Yes, all your programs will run.  Everything will work exactly as it did before you cloned it.



> Since OS X is UNIX based, I was led to believe that programs are referenced to the original mounted disk they were installed on (in my case &#8220;Macintosh HD&#8221.


Eh?  No, this isn't how UNIX works.  UNIX references the disks by their device name, which you have no control over (for example, "sda," "sdb," etc.).  The "name" you give your hard drive ("Macintosh HD") is just another benign attribute of your hard drive.  You can even change the name of your hard drive without any adverse effects: try it!  Name your hard drive "Banana" and have at it -- everything will hum along just as before. 



> Since the new disk cannot have the exact same name as any other mounted disk I will have to use a name other than Mackintosh HD to clone the original disk to the new one.


Not true.  You can have two identically named volumes/hard drives in Mac OS X.  Try it -- plug in a USB hard drive (or a second internal hard drive) and name it exactly the same name as your Mac OS X boot drive -- everything works fine.



> I also have a concern that on my current boot disk is Windows XP running under parallels. Will these programs also copy the Windows partition (NTFS) as well?


That depends -- did you install Windows via Boot Camp, and are using Parallels with your Boot Camp partition?  If so, then no, neither CCC nor SuperDuper! copy your Boot Camp partition.

If you used Parallels to install Windows and installed Windows into a virtual disk, then yes -- both CCC and SuperDuper! will copy that just fine, and Windows will run just as it did before you cloned your drive.



> I need to replace my original hard drive as it getting full and I do not want to reinstall everything from scratch.

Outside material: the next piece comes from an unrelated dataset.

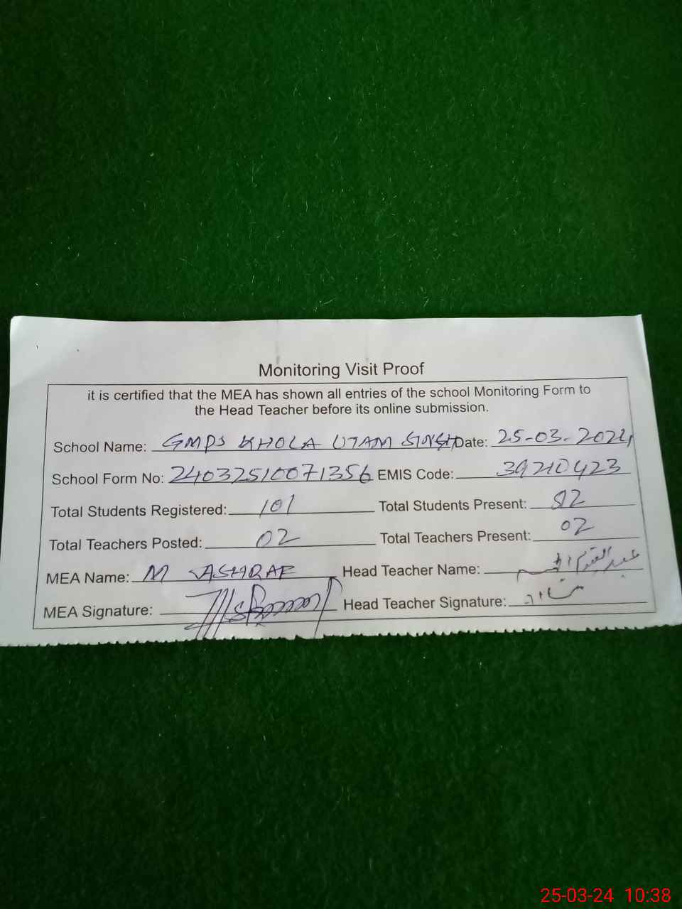 | EMIS Code: 39210423 | Name of School: GMPS KHOLA UTAM SINGH | |||

Do it -- storage is cheap these days.  You can also simply install another hard drive in your Mac Pro and run your system with two drives -- you can copy non-application and non-system data to the second hard drive, like your music files, photos, movies, etc.  That would clear up space on your boot drive, negating the need to clone your drive at all.


----------



## lazerbeam (Apr 25, 2009)

Thanks.  I tried to rename a disk that had a couple of files on it and it lost the files in the process. The second time I tried to rename another disk Macintosh HD and it would let me continues "Disk is in use"...  So I gave up. That is why I came to the (false) conclusion that you could not duplicate disk volume names with OS X. Anyway, thanks again. Will be replacing my original 250 Gb mac disk with a 1 TB. All my other slots are full with 500 Gb drives.


----------